Coevolution between Eimeria species and hosts has contributed to phylogenetic relationships within the genus, and the present study partially corroborates this assertion (Miska et al. 2010). This is seen in our research in that all Eimeria species isolated from rabbit, E. irresidua, E. intestinalis, E. magna, E. media, and E. vejdovskyi, are a monophyletic group (Vrba and Pakandl 2014; Liu et al. 2015; Hafeez et al. 2015, 2016). However, our phylogenetic analyses show that host swapping with subsequent divergence has also occurred in many species. Thus, some species from turkeys, E. gallopavonis, E. adenoeides, and E. meleagridis, in one highly supported, unique clade, do not group with the other turkey eimerians, E. meleagrimitis, E. dispersa, and E. innocua. Hence, Eimeria infecting turkeys are a paraphyletic group, which is a view different from previous research (Barta et al. 1997; Lew et al. 2003; Yabsley 2009; Miska et al. 2010; Ogedengbe et al. 2014). The results also show that some of the Eimeria species that infect chicken, E. tenella and E. necatrix, are more closely related to species that infect turkey. Thus, chicken-infecting Eimeria is also a paraphyletic group. Furthermore, E. anseris, which infects A. albifrons, and E. praecox, E. acervulina, E. brunetti, and E. mitis, all isolated from chicken, form one highly supported clade, sister to, though not as highly supported, E. maxima, also from chicken. This supports the view held by other researchers of a close phylogenetic relationship within these species (Poplstein and Vrba 2011; Ogedengbe et al. 2014).

The present study sequenced, annotated gene and genome organization, and reported for the first time the complete mtDNA sequence of E. anseris. The mt genome of E. anseris infecting A. albifrons is similar with respect to genome size, organization, start codon positions, and overall base composition as all other Eimeria.
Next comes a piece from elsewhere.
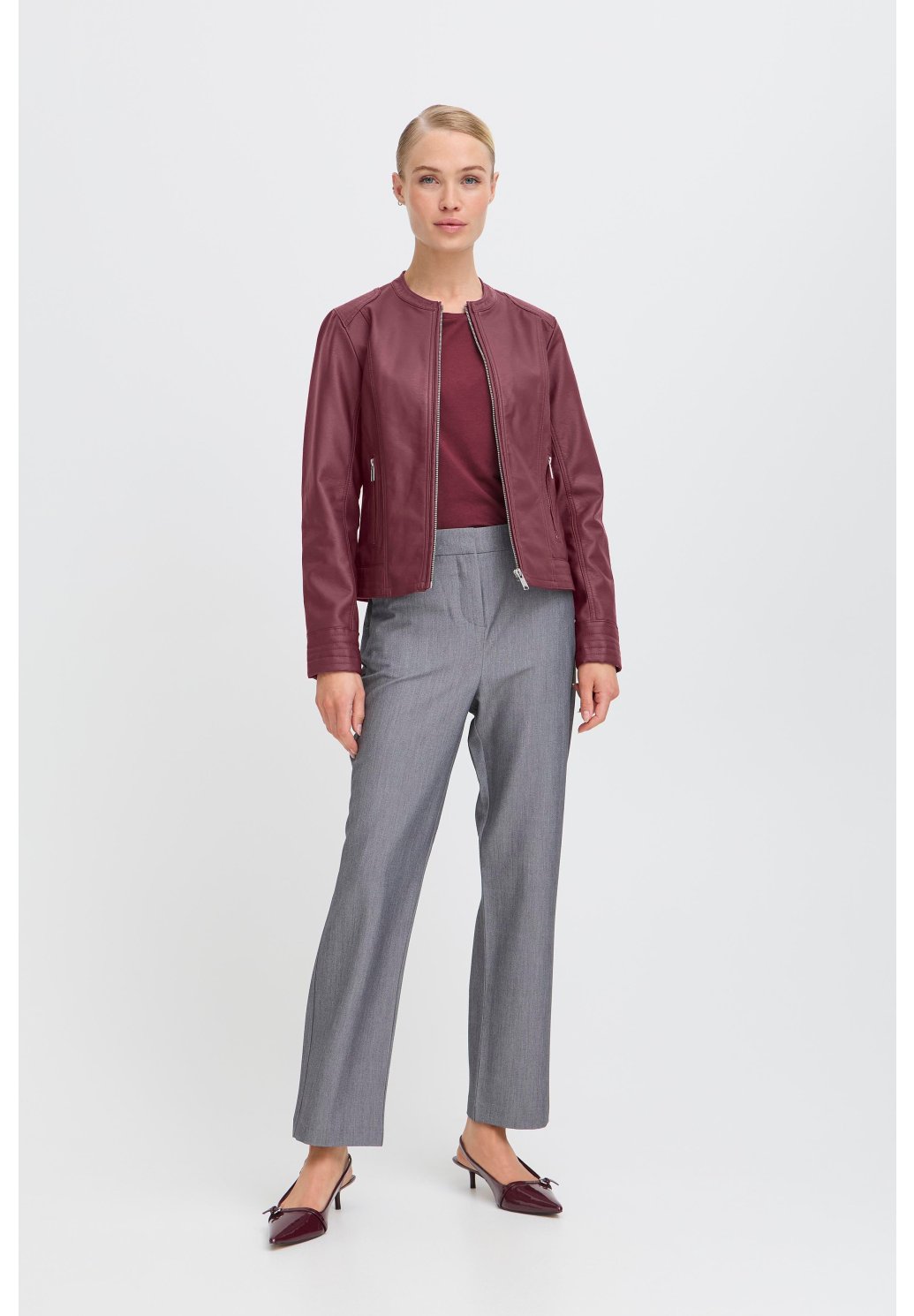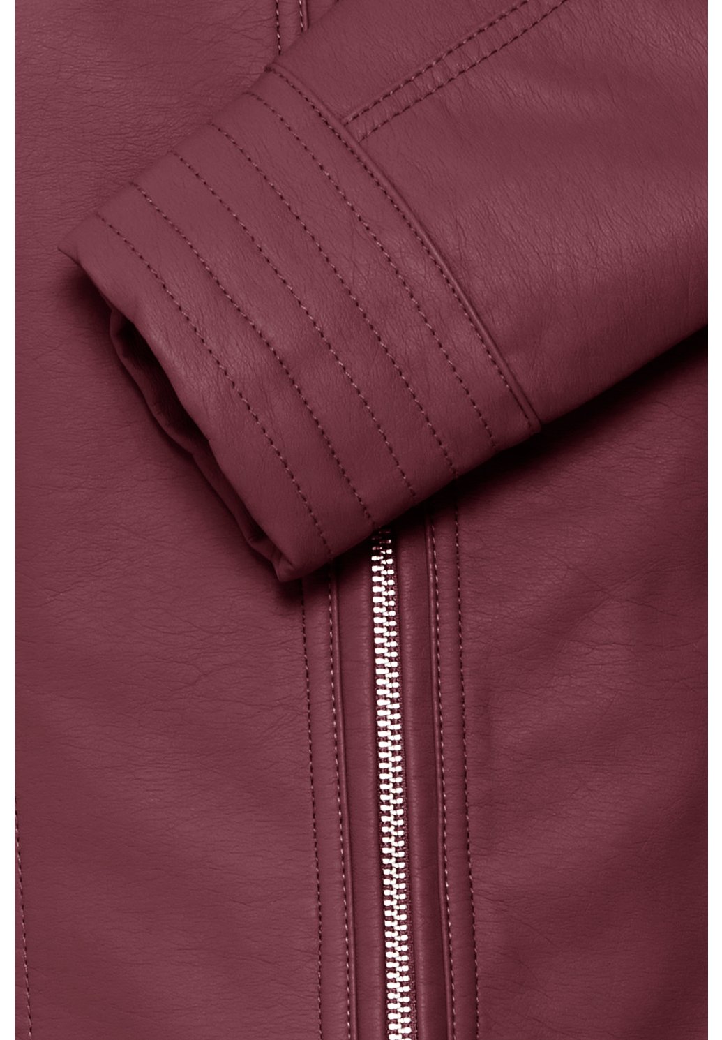 Dámská bunda z imitace kůže s kulatým výstřihem a zipem vpředu je kousek, který nikdy nevyjde z módy. Decentní prošívání a zipové kapsy dodávají styl i praktičnost – ideální jak k ležérnímu, tak i poloelegantnímu outfitu.

Coevolution between Eimeria species and hosts has contributed to phylogenetic relationships within the genus, and the present study partially corroborates this assertion using complete mtDNA. Our molecular phylogenetic analyses show some species clustering into clades associated with the parasites’ hosts, but many species do not follow clear coevolutionary host segregating patterns. The mtDNA sequence provides useful genetic data for addressing further questions in the systematics and population genetics of these and related Eimeria of relevance to waterfowl. The nature of the E. anseris mt genome makes the sequence highly suited for the development of diagnostic assays as well, potentially providing genetic markers for molecular epidemiology and the study of coccidia phylogenetics.